Well, it depends who you ask.
When the U.S. Department of Agriculture first wanted to release the beetles, the U.S. Fish and Wildlife Service gave the go-ahead—as long as the beetles weren’t released along the Rio Grande in New Mexico or Texas. That’s because the southwestern willow flycatcher, a rare bird, builds its nests in tamarisk when it can’t find native willow trees.
The Fish and Wildlife Service said the beetles could be released, just not within 200 miles of any nesting flycatchers.
“People stayed out of that range. But the bugs didn’t,” says Gina Dello Russo, an ecologist with the Fish and Wildlife Service. She works at Bosque del Apache National Wildlife Refuge, which has about 20 pairs of the flycatchers during nesting season. She’s also the New Mexico Invasive Species Strike Team Coordinator.
With fewer willows along the Rio Grande than in the past, the birds sometimes nest in tamarisk trees. Dello Russo explains: “If you can picture very dense vegetation with a structure that has a lot of crossing branches when you get up to six, nine, ten feet high…and they put their cup nests in those crossing branches.”
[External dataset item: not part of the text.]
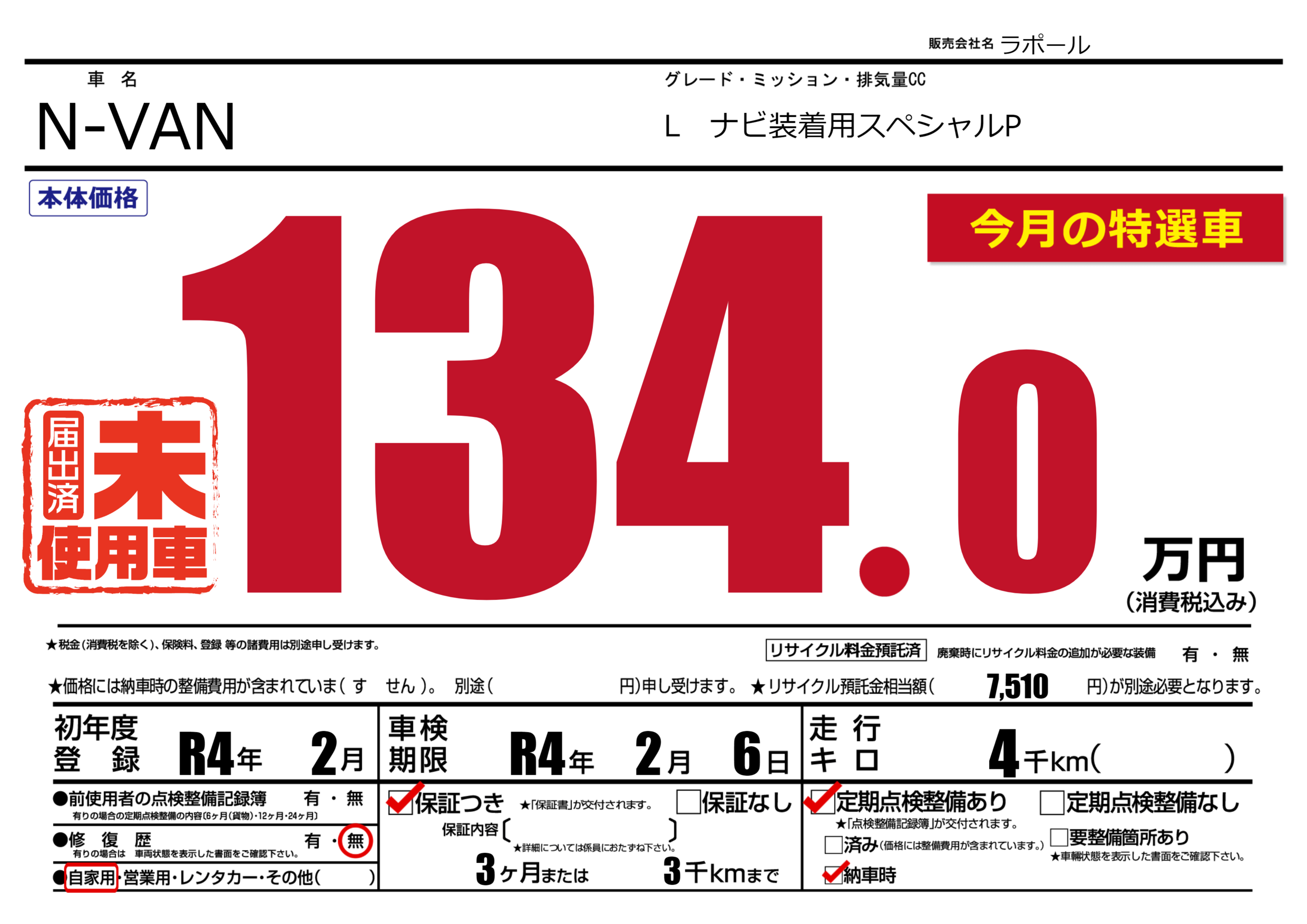 なし | 車検制限 | R4年2月6月 |

Dello Russo actually doesn’t sound all that worried about the flycatcher. Unlike southern Arizona, where tamarisk has completely overtaken streams, here, she says, the flycatchers still have some willows. And places like the refuge are doing restoration projects—removing tamarisk and then planting willows and other native trees.
She is concerned that people may be putting too much faith in the diorhabda to take care of the tamarisk problem. “I’ve been asked already, ‘Then why are we putting money into tamarisk control if we’ve got this leaf beetle that’s going to take care of it for us?’” she says.
But she believes there is still work to be done, even after beetles devour the tree’s leaves. The dead trees need to be pulled out by the roots and removed—and native trees need to be planted in their place.
“I don’t think we should change the way we do things or [change] our efforts that are underway. Yet,” she says. “Until we see what part the bug actually plays in our management of tamarisk and our management of southwestern willow flycatcher habitat.”
Meanwhile, Robin Silver isn’t surprised that the beetles have already made it halfway through New Mexico. The environmental group he co-founded, the Center for Biological Diversity, opposed the beetle releases.
“There was a long and very ugly battle to stop the release,” he says.
The group worried about the flycatchers, which Silver says return each year to the same nesting spots. Without leaves to hide their nests, the birds are vulnerable to predators.
The beetle hasn’t yet made it to where flycatchers nest in Arizona, so there is still time, Silver says. “Your window in New Mexico is slamming shut,” he says. “But in Arizona, we have a short window where we might be able to get some restoration activities going and then seeing if we can get some alternative nesting habitat for the flycatchers, before there is nothing.”
In fact, the two species—the beetles and the birds—are about to converge in central New Mexico.
Back in July, when Hummell was whacking tamarisk trees, she learned the beetles had made it to Albuquerque’s South Valley. Now, two months later, the beetles have traveled even further south along the Rio Grande—to the Pueblo of Isleta.
And that’s exactly where two pairs of flycatchers nested this season. From there, the bird’s habitat stretches to the south, to the Bosque del Apache National Wildlife Refuge and on along the lower Rio Grande.
Right now, no one knows right now how the standoff will end. And the beetles are still on the move.